■ **What is needed**: Skip the images; return every entry exactly.

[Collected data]
*** Begin section ***

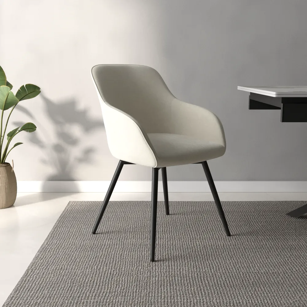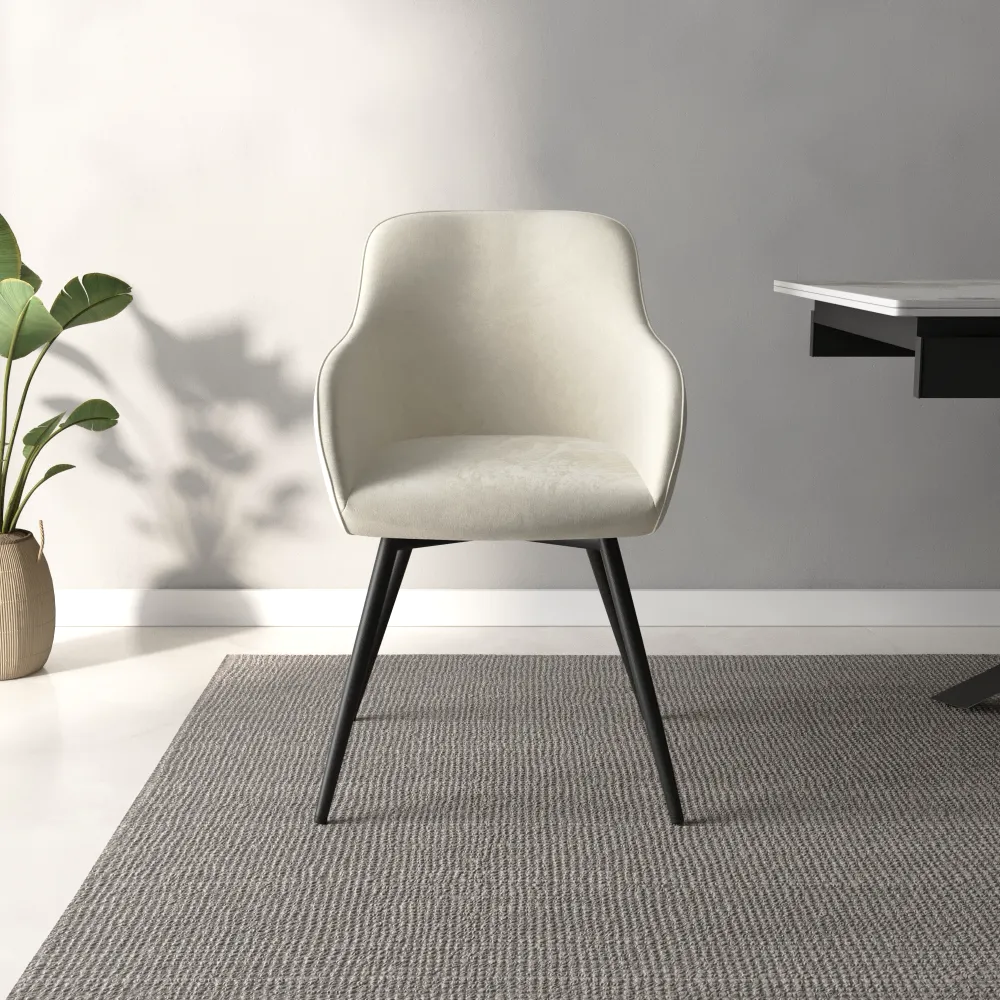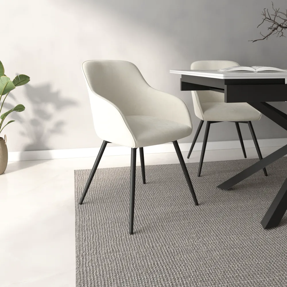 Set 2 sedie in velluto beige schienale e braccioli avvolgenti con gambe in acciaio nero | Diana
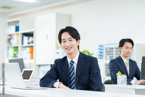 businessman, office, business, man, young, newcomer, suit, cravat, desk, table, waist up, face, indoor, corporation, corporate, office, office, copy space, work, work, personal computer, notebook, people, japanese, employee, salaried employee, seated, smile, computer, smiling, person
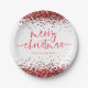 Assiettes En Carton Parties scintillant rouge Joyeux Noël Party Blanc
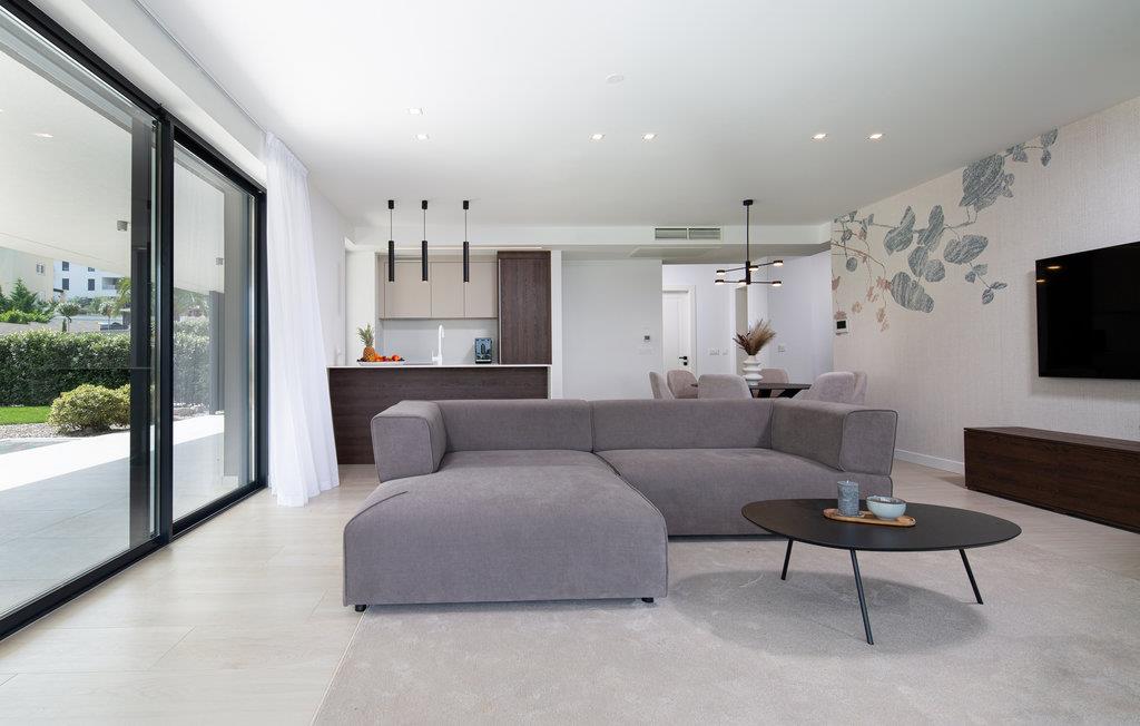 Velkommen til den innbydende leiligheten, som imponerer med sin komfortable innredning. Lyse rom og elegant innredning gjør leiligheten til et hyggelig sted å bo for gjester som setter pris på kvalitet og komfort på ferien. Her kan du spise med vakker utsikt gjennom vinduer fra gulv til tak, og nyte hyggelige kvelder etter aktivitetene i en stilfull atmosfære.
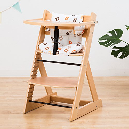 【ベビーチェア テーブル付き ハイチェア 高さ調節 木製 専用クッション付き】こどもと一緒に成長するチェア 高さ調節可能! 安全ベルト付き ふかふかクッションセット チェア色:花柄ブラウン クッション色/柄:ナチュラル
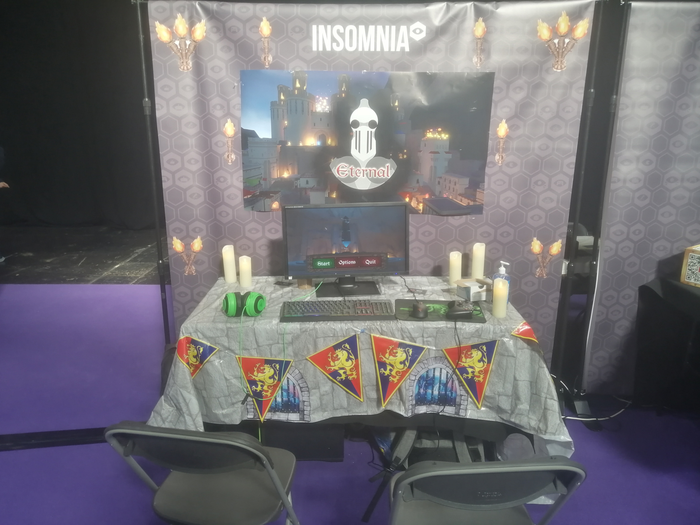 Eternal was showcased at the 68th Insomnia Gaming Festival's indie zone by myself and my colleagues. During my time there I mainly provided support for players and resolved numerous bugs during their gameplay sessions.
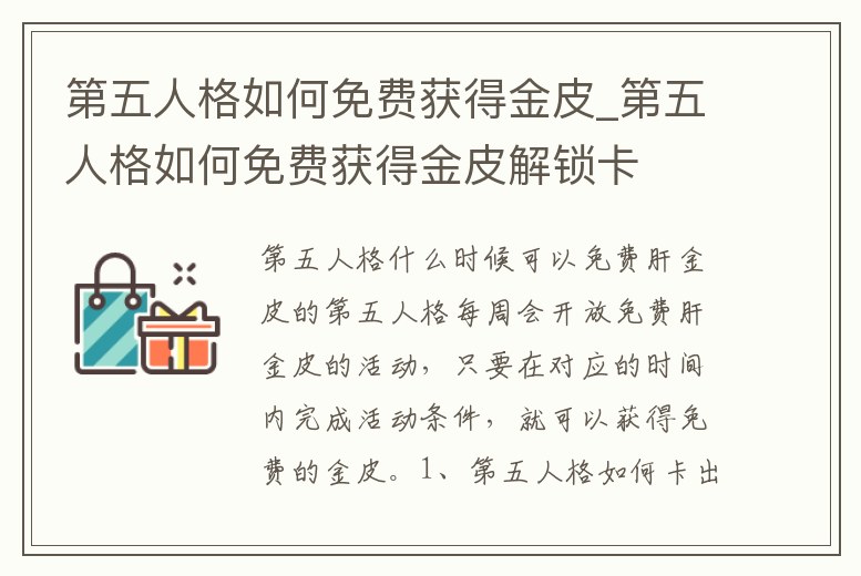第五人格如何免費獲得金皮_第五人格如何免費獲得金皮解鎖卡

*** End section ***

■ **Solution to this problem**:
 Set 2 sedie in velluto beige schienale e braccioli avvolgenti con gambe in acciaio nero | Diana
 businessman, office, business, man, young, newcomer, suit, cravat, desk, table, waist up, face, indoor, corporation, corporate, office, office, copy space, work, work, personal computer, notebook, people, japanese, employee, salaried employee, seated, smile, computer, smiling, person
 Assiettes En Carton Parties scintillant rouge Joyeux Noël Party Blanc
 Velkommen til den innbydende leiligheten, som imponerer med sin komfortable innredning. Lyse rom og elegant innredning gjør leiligheten til et hyggelig sted å bo for gjester som setter pris på kvalitet og komfort på ferien. Her kan du spise med vakker utsikt gjennom vinduer fra gulv til tak, og nyte hyggelige kvelder etter aktivitetene i en stilfull atmosfære.
 【ベビーチェア テーブル付き ハイチェア 高さ調節 木製 専用クッション付き】こどもと一緒に成長するチェア 高さ調節可能! 安全ベルト付き ふかふかクッションセット チェア色:花柄ブラウン クッション色/柄:ナチュラル
 Eternal was showcased at the 68th Insomnia Gaming Festival's indie zone by myself and my colleagues. During my time there I mainly provided support for players and resolved numerous bugs during their gameplay sessions.
第五人格如何免費獲得金皮_第五人格如何免費獲得金皮解鎖卡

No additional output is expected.